RAND Corporation reviews of CISA after the 2018 midterm elections also identified election security challenges that CISA has failed to address. Shortcomings include a lack of coordination between national and regional field staff, and failure to develop an agencywide platform documenting election threats and trends.

“CISA’s unfinished planning means the agency may be limited in its ability to execute a nationwide strategy for securing election infrastructure,” GAO wrote. “CISA has not fully assessed and documented how it will address challenges identified in prior assessments, which limits the ability of CISA to address these challenges in its current efforts.”

State and local election officials told GAO that their relationships with CISA has generally improved since past elections. In seven out of eight states reviewed in the audit, officials said that they were “very satisfied” with CISA’s election-related work.

“Officials from one state told us that, despite initial reservations about DHS’s role in election security, CISA has become a good partner over time,” GAO reported. “An official from another state expressed appreciation that CISA appears to be honestly and earnestly working to gain states’ trust.”

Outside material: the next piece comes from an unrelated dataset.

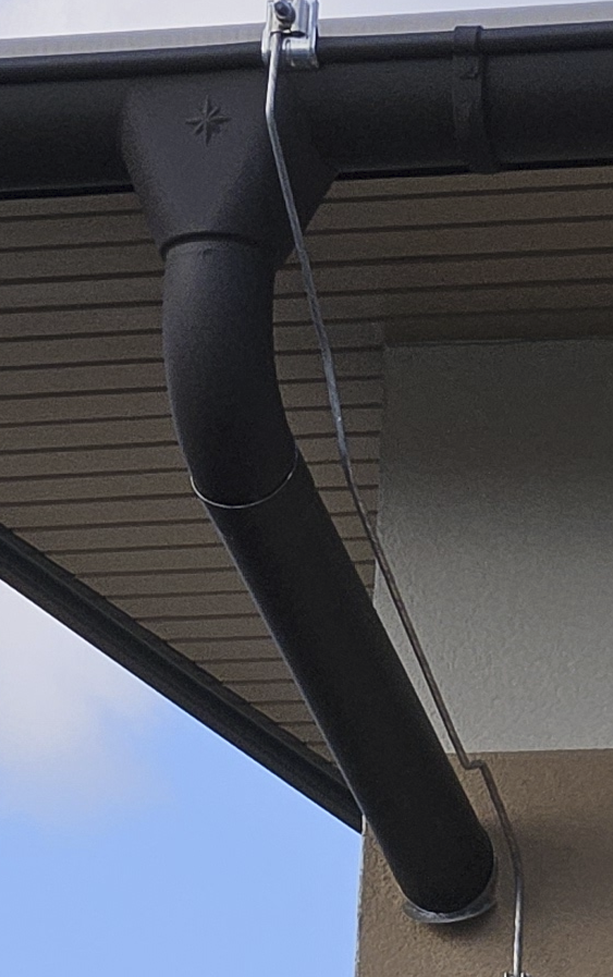 Habe eine Frage zur Regenrinne, mir ist bei einem Holzriegelhaus folgendes aufgefallen:
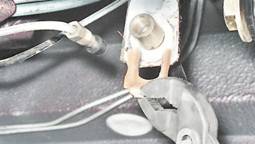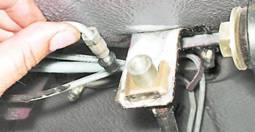 4. Пассатижами извлекаем скобу, фиксирующую шланг.

GAO made three recommendations to the CISA director:

  • Urgently finalize the strategic and operations plans for securing election infrastructure for upcoming elections;
  • Ensure that the operations plan fully addresses all efforts in the strategic plan; and
  • Document how the agency intends to address challenges identified in its prior election assistance efforts and incorporate remedial actions into 2020 plans.

CISA concurred with all recommendations.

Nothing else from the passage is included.